The performance quantification issue is often overlooked, both by system managers and by researchers dealing with warning models for landslide early warning systems (LEWSs). For instance, the main focus of researchers dealing with warning systems for rainfall-induced landslides at regional scale, which are typically based on empirical rainfall thresholds (Guzzetti et al., 2007 and references therein), is on improving the correlation between rainfall indicators and landslides. However, literature studies rarely back analyze the relationship between warnings, which would have been issued adopting those correlations, and landslides. Especially for LEWSs operating at regional scale (ReLEWSs), empirical evaluations are often carried out by simply analyzing the time frames during which significant high-consequence landslides occurred in the test area (Keefer et al., 1987; Baum and Godt, 2010; Capparelli and Tiranti, 2010; Aleotti, 2004). Alternatively, the performance evaluation is based on 2 by 2 contingency tables computed for the joint frequency distribution of landslides and alerts, both considered as dichotomous variables (Yu et al., 2003; Cheung et al., 2006; Godt et al., 2006; Restrepo et al., 2008; Tiranti and Rabuffetti, 2010; Kirschbaum et al., 2012; Martelloni et al., 2012; Peres and Cancelliere, 2012; Staley et al., 2013; Lagomarsino et al., 2013, 2015; Greco et al., 2013; Segoni et al., 2014; Gariano et al., 2015; Stähli et al., 2015). The four elements of these tables – i.e., correct alerts (CAs) or true positives; missed alerts, false negatives or type II errors; false alerts, false positives or type I errors; true negatives (TNs) – are then used to assess the weight of the correct predictions in relation to the model errors by means of a series of statistical indicators of the model performance.
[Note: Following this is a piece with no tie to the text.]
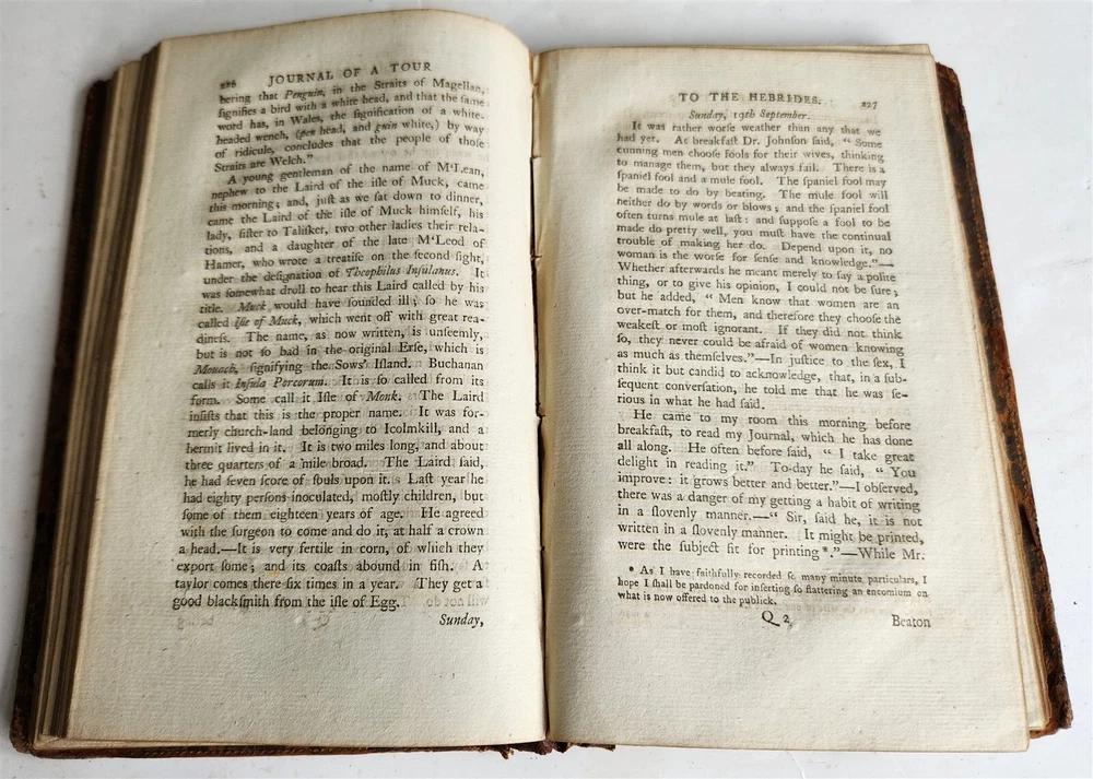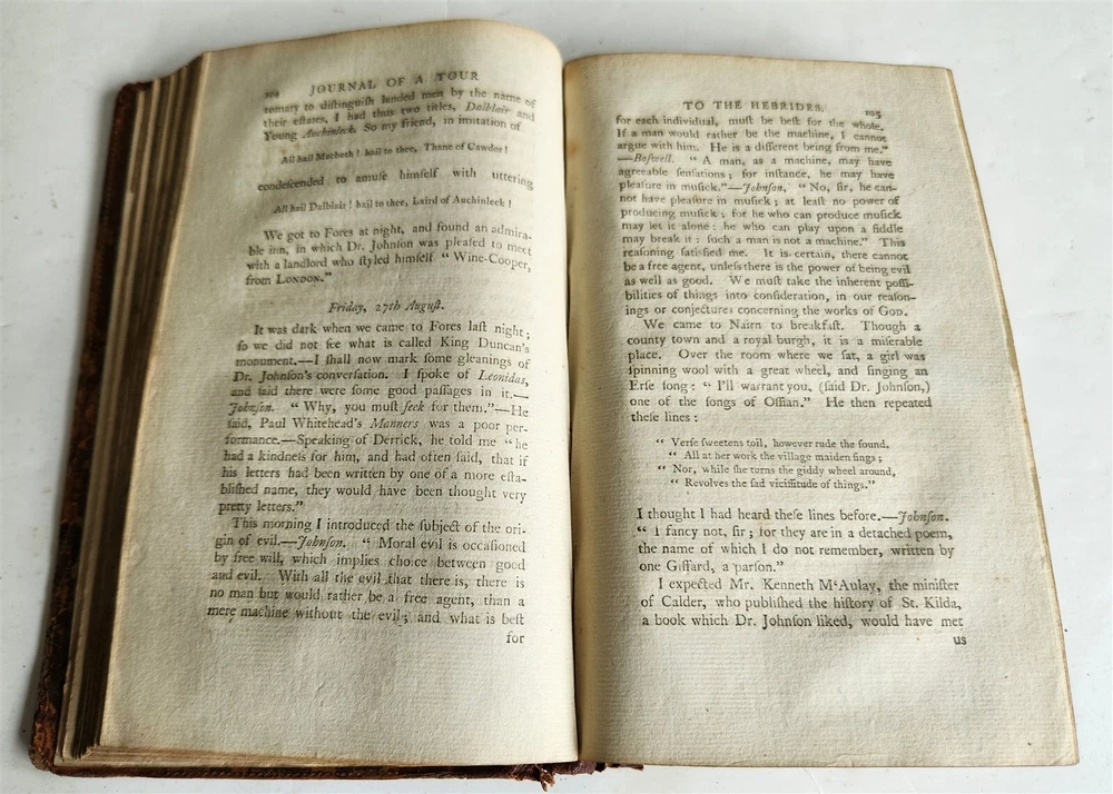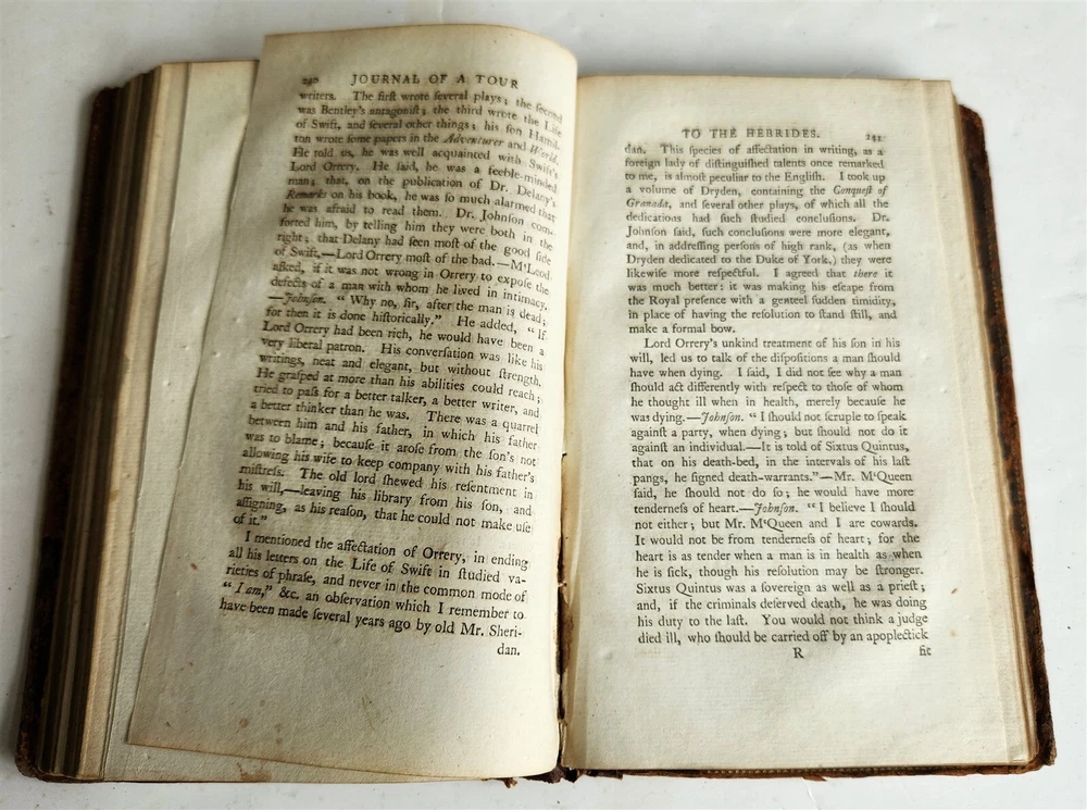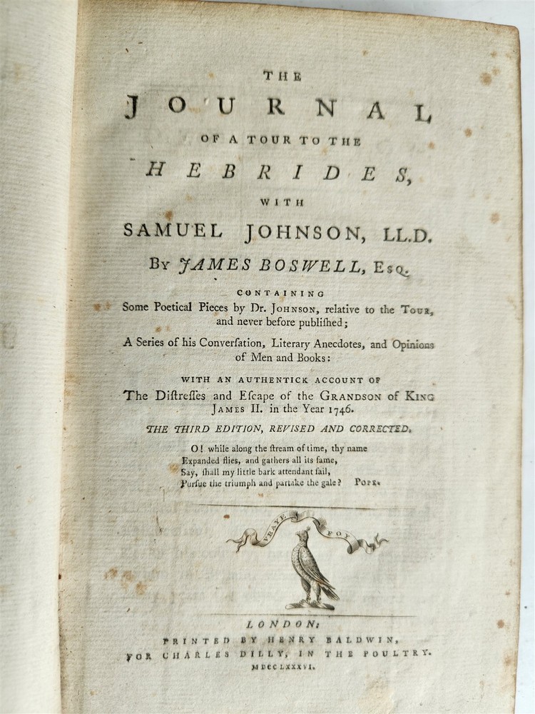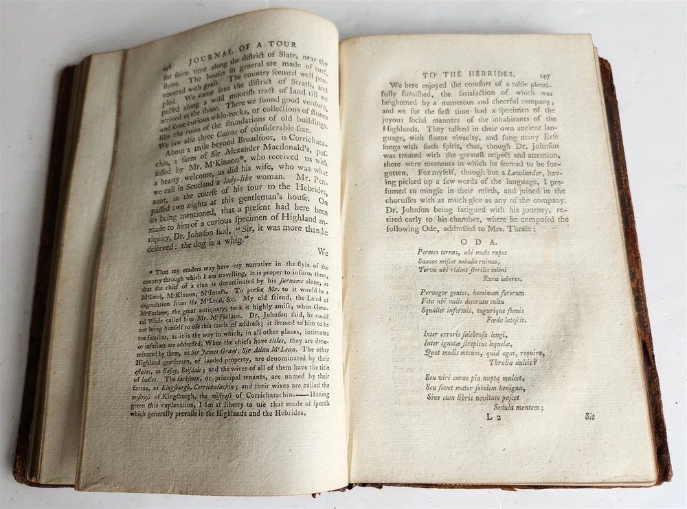 This antique 1786 edition of Boswell’s *Tour to the Hebrides* is a treasure for literature lovers! The original calf binding, though worn, adds charm, and the inclusion of Johnson’s unpublished poetry and lively conversations makes it fascinating. The detailed accounts of their travels, literary insights, and historical anecdotes create an immersive experience. A must-have for collectors of classic journeys and 18th-century thought!

In all these cases, however, model performance is assessed, neglecting some important aspects that are peculiar to ReLEWSs, such as the possible occurrence of multiple landslides in the warning zone, the duration of the warnings in relation to the time of occurrence of the landslides, the level of the issued warning in relation to the landslide spatial density in the warning zone and the relative importance system managers attribute to different types of errors.
Excerpt from
Calvello M, Piciullo L (2016).
Assessing the performance of regional landslide early warning models: the EDuMaP method. Natural Hazards and Earth System Science, 16:103–122.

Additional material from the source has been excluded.